Content starts
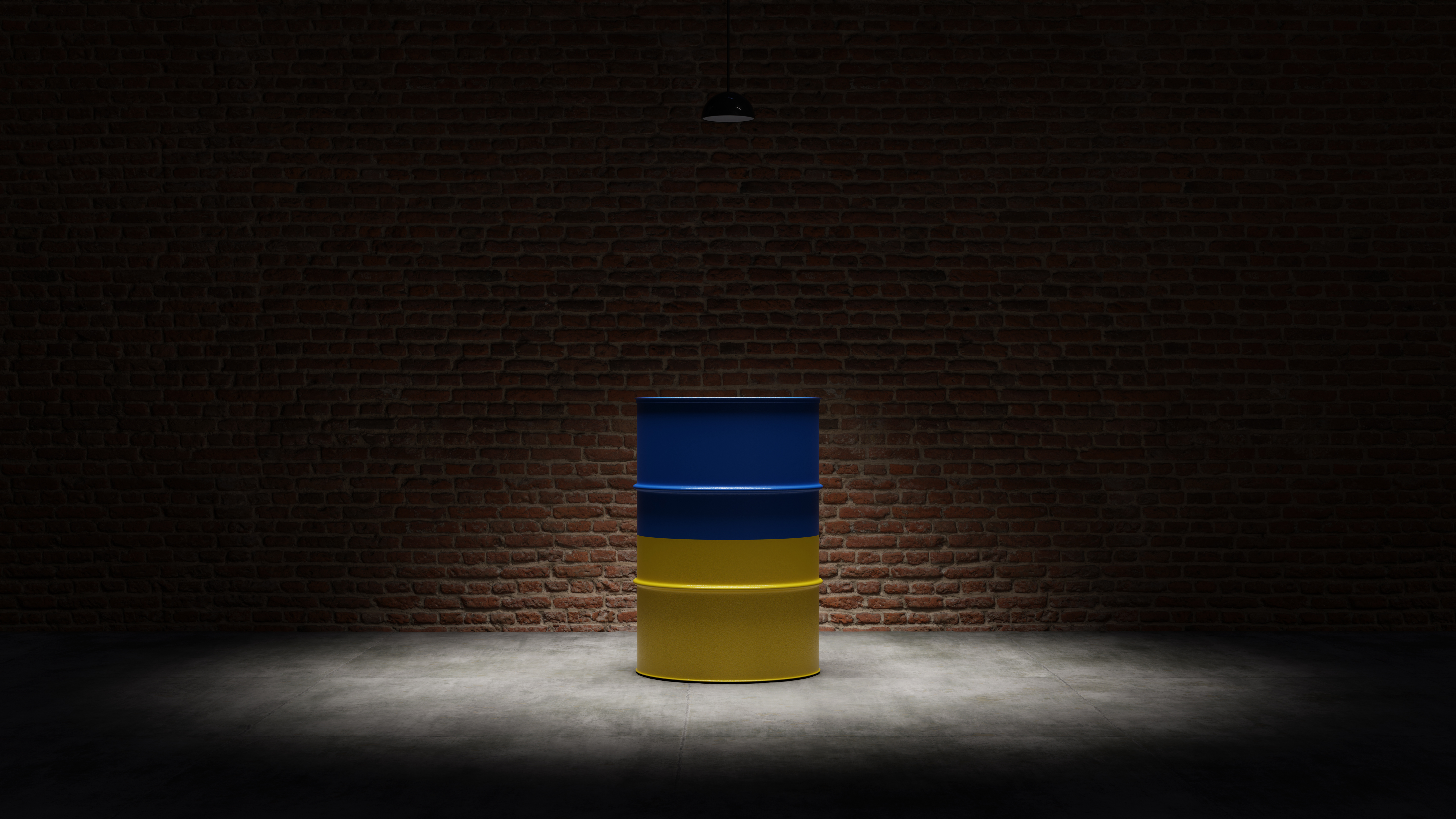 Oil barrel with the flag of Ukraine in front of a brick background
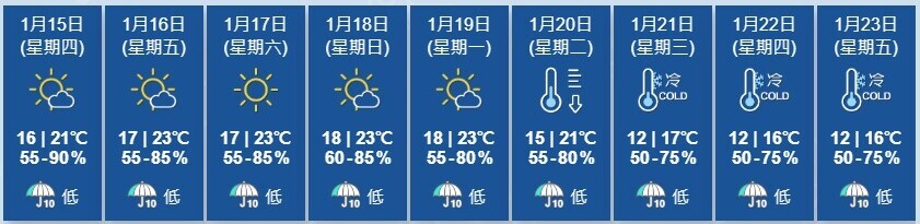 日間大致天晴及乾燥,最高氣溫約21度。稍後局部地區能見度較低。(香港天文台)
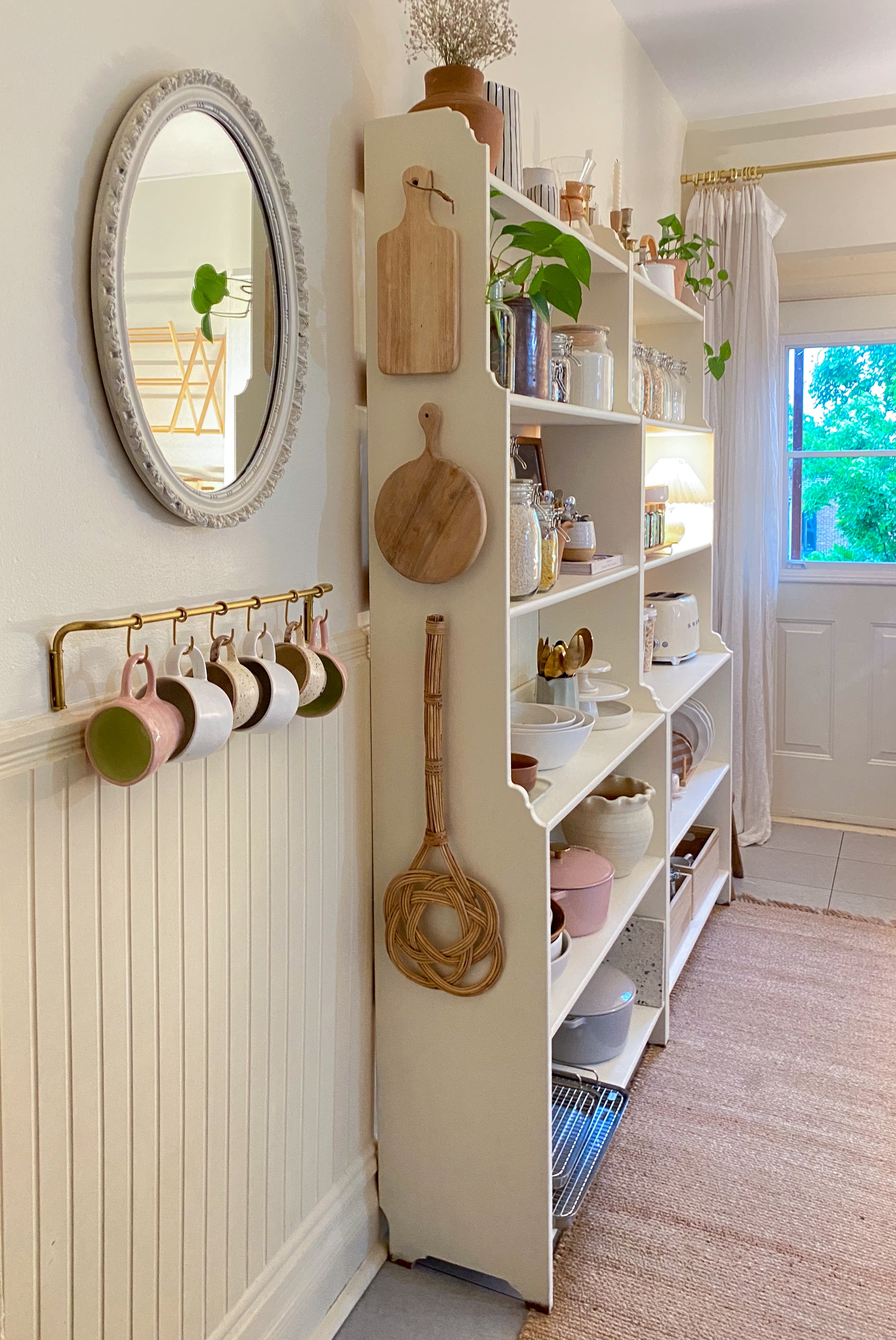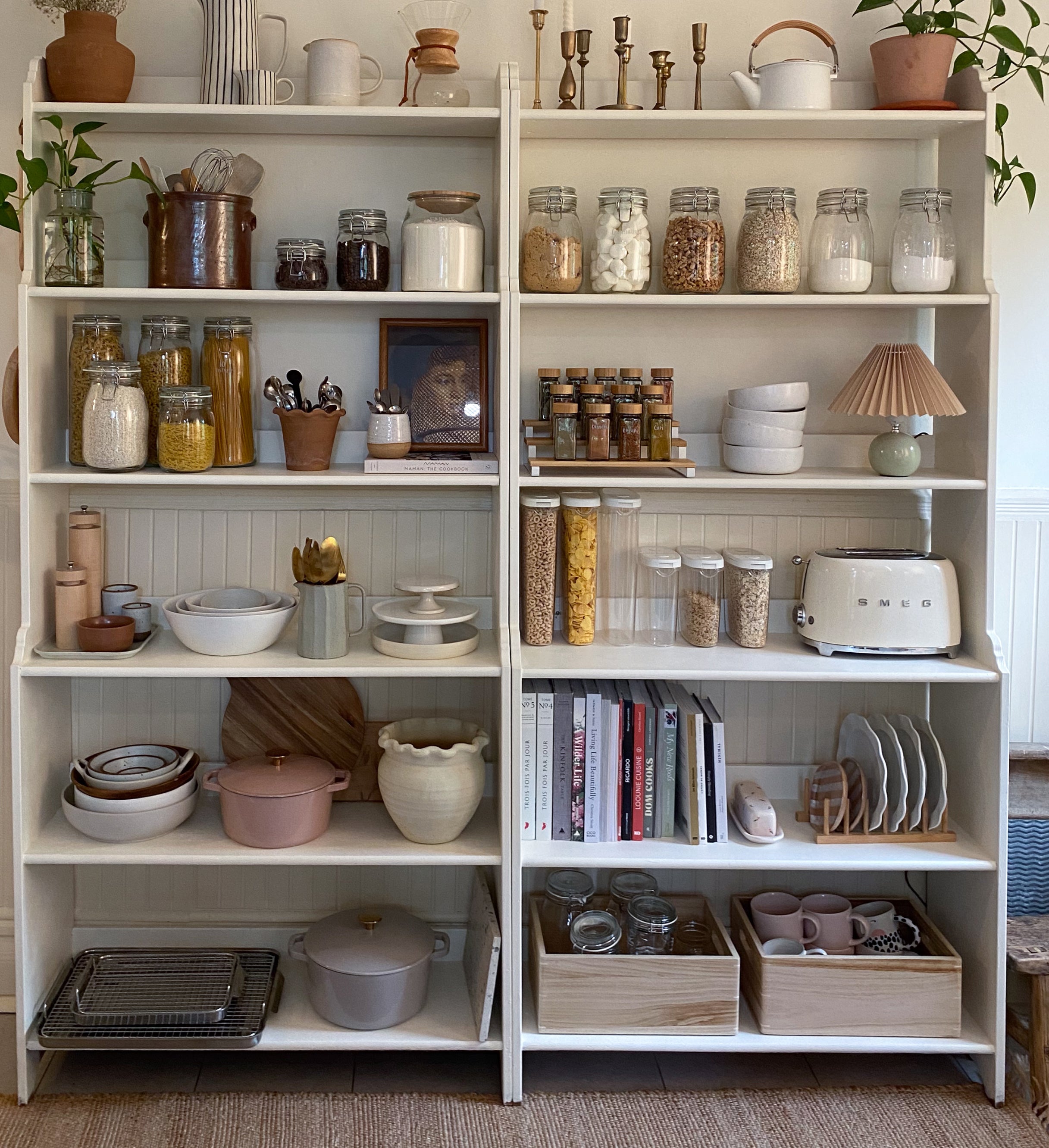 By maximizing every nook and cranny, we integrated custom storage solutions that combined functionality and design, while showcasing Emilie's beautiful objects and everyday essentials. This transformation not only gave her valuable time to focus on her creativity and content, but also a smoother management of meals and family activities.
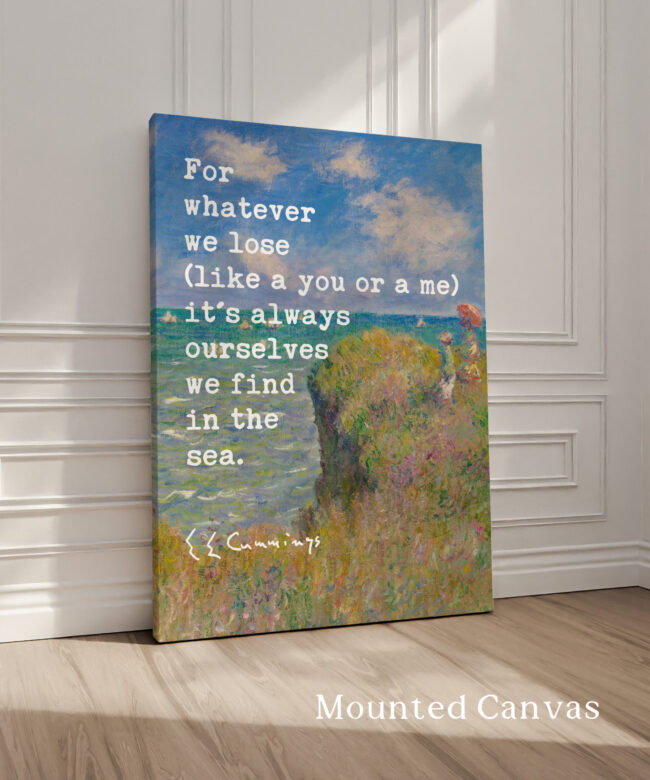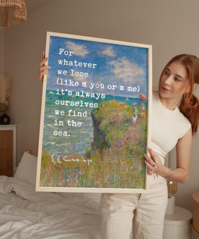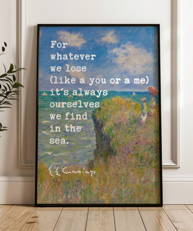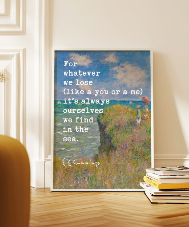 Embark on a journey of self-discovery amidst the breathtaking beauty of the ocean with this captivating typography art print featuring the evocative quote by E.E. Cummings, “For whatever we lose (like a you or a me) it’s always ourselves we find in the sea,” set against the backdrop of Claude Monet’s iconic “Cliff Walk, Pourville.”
Content ends
§ **Work instructions**: Return every line of the data above exactly, and omit all pictures.

§ **Completed exercise**:
 Oil barrel with the flag of Ukraine in front of a brick background
 日間大致天晴及乾燥,最高氣溫約21度。稍後局部地區能見度較低。(香港天文台)
 By maximizing every nook and cranny, we integrated custom storage solutions that combined functionality and design, while showcasing Emilie's beautiful objects and everyday essentials. This transformation not only gave her valuable time to focus on her creativity and content, but also a smoother management of meals and family activities.
 Embark on a journey of self-discovery amidst the breathtaking beauty of the ocean with this captivating typography art print featuring the evocative quote by E.E. Cummings, “For whatever we lose (like a you or a me) it’s always ourselves we find in the sea,” set against the backdrop of Claude Monet’s iconic “Cliff Walk, Pourville.”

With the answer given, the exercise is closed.